12. IPU-optimised operations

Several custom versions of operators are provided to target functions available in PopLibs. See the TensorFlow Python API for more details.

12.1. Image operations

Our architecture is well-suited to efficiently handle convolutions over four-channel tensors, however it is common for images to be represented with three channels. In order to obtain better IPU performance, both from a latency and memory standpoint, we advise that when dealing with three-channel inputs, you pad the fourth channel dimension.

See tensorflow.python.ipu.image_ops.normalise_image() for the op that can perform this padding, in addition to normalising and casting if needed. Note that this padding will be performed on-device, after the data has been transferred to the IPU.

An example of its use can be found in the fused_normalise_image() function in the CNN training application example in Graphcore’s examples repository on GitHub.

12.2. Matmul serialisation

You have the option to serialise matrix multiplications along a particular dimension, in order to reduce the code size of the multiplication and the temporary memory requirements of the matmul, at the expense of extra computation.

See tensorflow.python.ipu.math_ops.serialized_matmul() for details of the op.

An example of its use can be found in the mlm_head() function in the BERT application example in Graphcore’s examples repository on GitHub.

12.3. Dropout

The PopLibs version of dropout does not need to store the dropout mask between the forward and backward parts of the graph, saving memory.

See tensorflow.python.ipu.rand_ops.dropout().

12.4. Embedding lookup

This is a version of embedding lookup that has been optimised for the IPU. It allows the embedding lookup to be serialised into smaller lookups, which can reduce the maximum memory at the cost of extra computation when the embedding tensors are used by multiple operations.

See tensorflow.python.ipu.embedding_ops.embedding_lookup().

12.5. Group normalisation

Group normalisation is an alternative to batch normalisation, and produces smaller and more optimised graphs.

The original paper on group normalisation is “Group Normalization”, Yuxin Wu, Kaiming He.

See tensorflow.python.ipu.normalization_ops.group_norm().

12.6. Instance normalisation

Instance normalisation is another alternative to batch normalisation.

The original paper on instance normalisation is “Instance Normalization: The Missing Ingredient for Fast Stylization” Dmitry Ulyanov, Andrea Vedaldi, Victor Lempitsky.

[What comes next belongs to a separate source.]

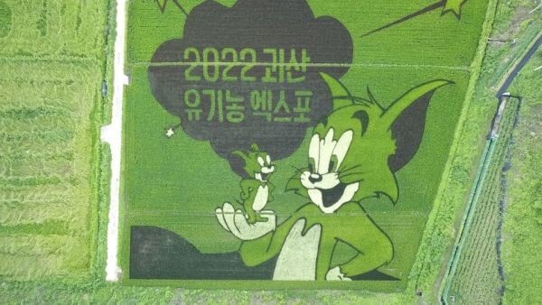 사리면에는 경자년을 맞아 유명 만화캐릭터 톰과 제리가 등장하는 2022 괴산세계유기농산업엑스포 홍보 그림을 그려 유기농업 발전과 군민 행복을 기원한다는 의미를 담았다.

See tensorflow.python.ipu.normalization_ops.instance_norm().

12.7. Layer normalisation

Layer normalisation is another alternative to batch normalisation.

The original paper on layer normalisation is “Layer Normalization” Jimmy Lei Ba, Jamie Ryan Kiros, Geoffrey E. Hinton.

See tensorflow.python.ipu.normalization_ops.layer_norm().

12.8. GeLU activation

Gaussian error linear units (GeLU) is an alternative to the ReLU non-linearity. This is described in “Gaussian Error Linear Units (GELUs)” Dan Hendrycks, Kevin Gimpel.

See tensorflow.python.ipu.nn_ops.gelu().

12.9. Sequence slice

The set of sequence slicing ops provided for the IPU.

See tensorflow.python.ipu.slicing_ops.sequence_slice(), tensorflow.python.ipu.slicing_ops.sequence_slice_unpack() and tensorflow.python.ipu.slicing_ops.sequence_slice_pack().

12.10. Histogram

The set of histogram ops provided for the IPU.

See tensorflow.python.ipu.statistics_ops.histogram(), tensorflow.python.ipu.statistics_ops.histogram_update(), tensorflow.python.ipu.statistics_ops.fixed_width_bins() and tensorflow.python.ipu.statistics_ops.histogram_normalize().